Roos Franz F, Jacob Riko, Grossmann Jonas, Fischer Bernd, Buhmann Joachim M, Gruissem Wilhelm, Baginsky Sacha, Widmayer Peter
Institute of Theoretical Computer Science, Institute of Plant Science, Institute of Computational Science, ETH Zurich, CH-8092 Zurich, Switzerland.
Bioinformatics. 2007 Nov 15;23(22):3016-23. doi: 10.1093/bioinformatics/btm417. Epub 2007 Sep 3.

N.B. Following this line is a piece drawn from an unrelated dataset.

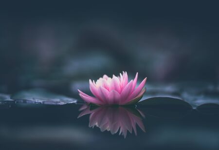 Beautiful pink lotus flower blooming in the pond with reflection.

Tandem mass spectrometry allows for high-throughput identification of complex protein samples. Searching tandem mass spectra against sequence databases is the main analysis method nowadays. Since many peptide variations are possible, including them in the search space seems only logical. However, the search space usually grows exponentially with the number of independent variations and may therefore overwhelm computational resources.
We provide fast, cache-efficient search algorithms to screen large peptide search spaces including non-tryptic peptides, whole genomes, dozens of posttranslational modifications, unannotated point mutations and even unannotated splice sites. All these search spaces can be screened simultaneously. By optimizing the cache usage, we achieve a calculation speed that closely approaches the limits of the hardware. At the same time, we control the size of the overall search space by limiting the combinations of variations that can co-occur on the same peptide. Using a hypergeometric scoring scheme, we applied these algorithms to a dataset of 1 420 632 spectra. We were able to identify a considerable number of peptide variations within a modest amount of computing time on standard desktop computers.
串联质谱法可实现对复杂蛋白质样品的高通量鉴定。如今,针对序列数据库搜索串联质谱图是主要的分析方法。由于可能存在多种肽段变异形式,将它们纳入搜索空间似乎是合理的。然而,搜索空间通常会随着独立变异数量呈指数增长,因此可能会耗尽计算资源。
我们提供了快速、高效缓存的搜索算法,用于筛选大型肽段搜索空间,包括非胰蛋白酶肽段、全基因组、数十种翻译后修饰、未注释的点突变甚至未注释的剪接位点。所有这些搜索空间都可以同时进行筛选。通过优化缓存使用,我们实现了接近硬件极限的计算速度。同时,我们通过限制同一肽段上可能同时出现的变异组合来控制整体搜索空间的大小。使用超几何评分方案,我们将这些算法应用于一个包含1420632个质谱图的数据集。在标准台式计算机上,我们能够在适度的计算时间内识别出大量的肽段变异。